9. The composition according to claim 8, wherein the extracellular vesicle carries one or more cargo molecules.
10. The composition according to claim 9, wherein the cargo molecule comprises one or more molecular types selected from the group consisting of nucleic acids, polypeptides, carbohydrates, and steroids.
11. A method comprising administering the composition described in claim 10 to a subject.

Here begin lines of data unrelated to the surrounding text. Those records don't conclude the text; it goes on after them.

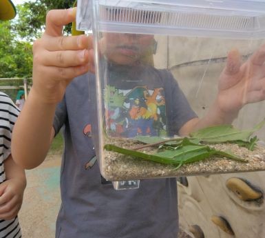 f.n | | | + ダンゴムシの観察 りす組 | 2025/06/13 |  | ダンゴムシの絵本を読んでから、ダンゴムシに興味津々のりす組さん。 ダンゴムシの観察をしたのですが「ダンゴムシは葉っぱをたべるよね」「びっくりしてまるくなってるね」など絵本の内容をよく覚えていて、ダンゴムシの様子を見ながら優しく触ったり、「ごはんだよ」と葉っぱを持ってきてダンゴムシの近くに置いたりとダンゴムシとの触れ合いを楽しんでいました。 生き物との触れ合いを通して命の大切さを知らせていきたいと思ってます。 M.E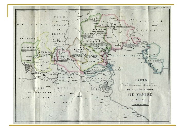 Un problema nel problema n n n A lungo si è studiata Venezia ignorando il rimanente dello Stato. Eccezioni nel dopoguerra: Marino Berengo 1956, L’agricoltura veneta alla fine del Settecento Angelo Ventura 1964: Nobiltà e popolo nella terraferma veneziana del 400 e del 500 (Bari 1964)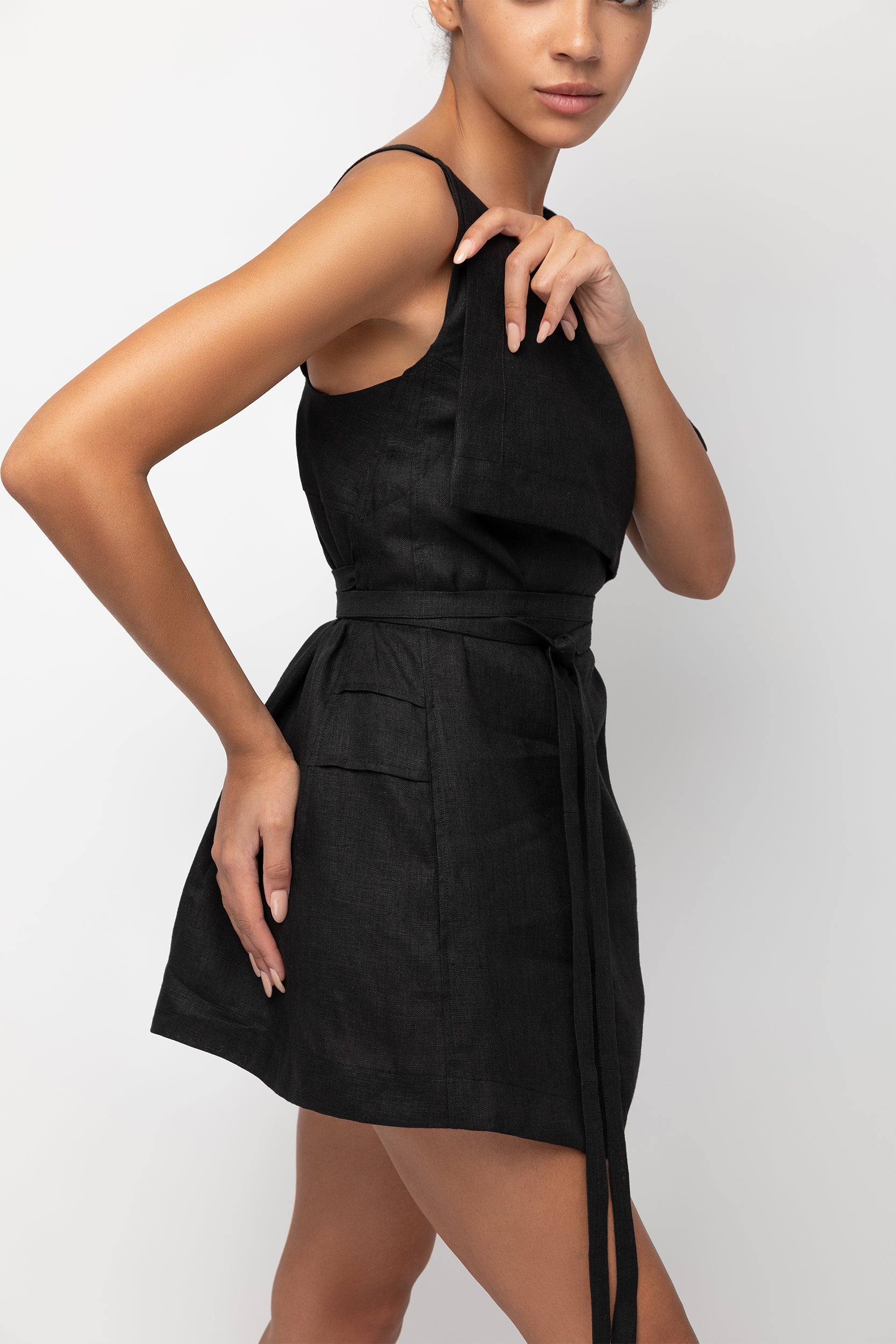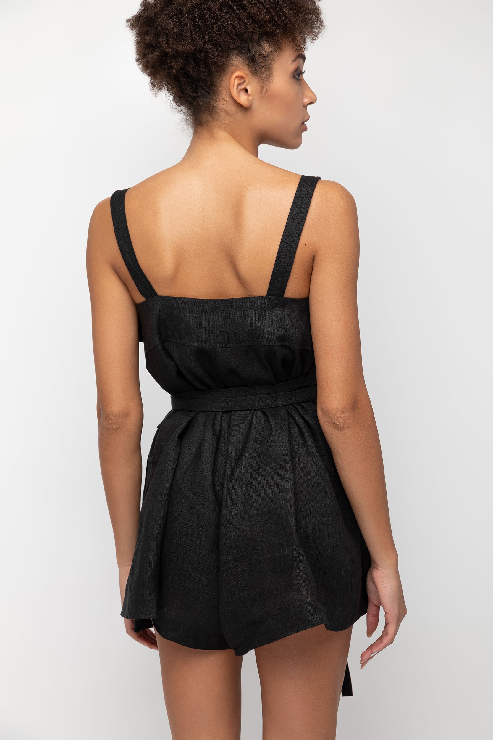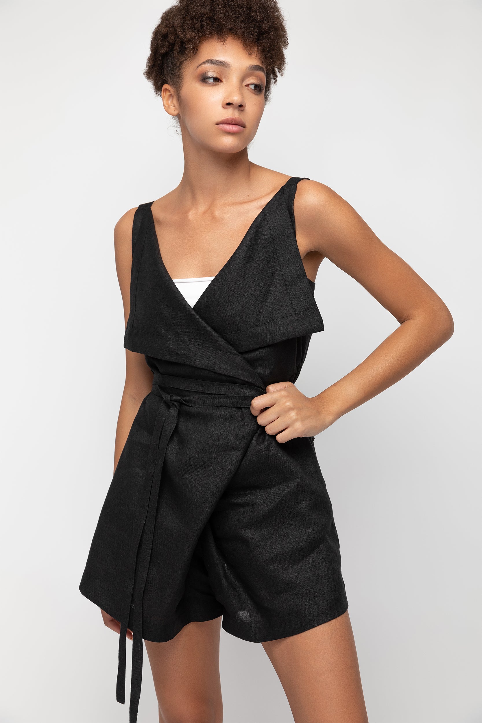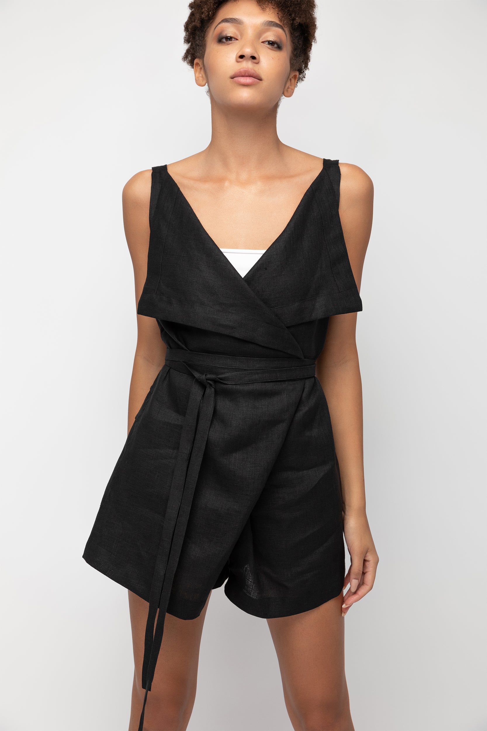 Made for passionate, young-spirited women, the Mujun in white radiates excitement for sun-soaked afternoons and leaves a lasting impression. This short jumpsuit conveys a carefree, lively mood, cut from linen to create a trapeze silhouette with a flared, playful bottom. Featuring two elongated ties that wrap around the waist to adjust the shape, Mujun is designed with wide geometric lapels that enhance its charming appeal. It includes hidden pockets and additional fabric detailing on the sides for an extra touch of flair, draping beautifully and flowing gracefully while walking, revealing a hint of sensuality. Minimizing effort while maximizing impact, Mujun can be worn as is or layered for added versatility.

12. The method according to claim 11, wherein the composition is administered to the subject orally, intranasally, parenterally, or intravenously.
13. A method for isolating extracellular vesicles from a milk sample, comprising: (i) contacting the milk with tryptophan or a tryptophan analog at a concentration of 50 μM to 300 μM, at a pH of 2.0 to 8.0, at a temperature of 10°C to 80°C for 10 to 60 minutes; and (ii) separating the extracellular vesicles from other components of the milk by filtration and / or centrifugation.
14. The method according to claim 13, wherein the milk used in step (i) is defat.
15. The method according to claim 14, wherein the milk used in step (i) is either raw milk or pasteurized milk.
16. The method according to claim 15, further comprising subjecting the extracellular vesicles obtained from step (ii) to a filtration to remove extracellular vesicles having a particle size of less than 20 nm, and another filtration to remove vesicles having a particle size of more than 600 nm.
17. A composition comprising extracellular vesicles obtained by the method described in claim 16.
18. The composition according to claim 17, wherein the composition is freeze-dried by either rapid freezing or controlled freezing, followed by primary drying, secondary drying, and vacuum capping of the sample.
19. A composition comprising lyophilized extracellular vesicles obtained from the composition according to claim 18, to which 100 μM tryptophan and 50 mM trehalose have been added.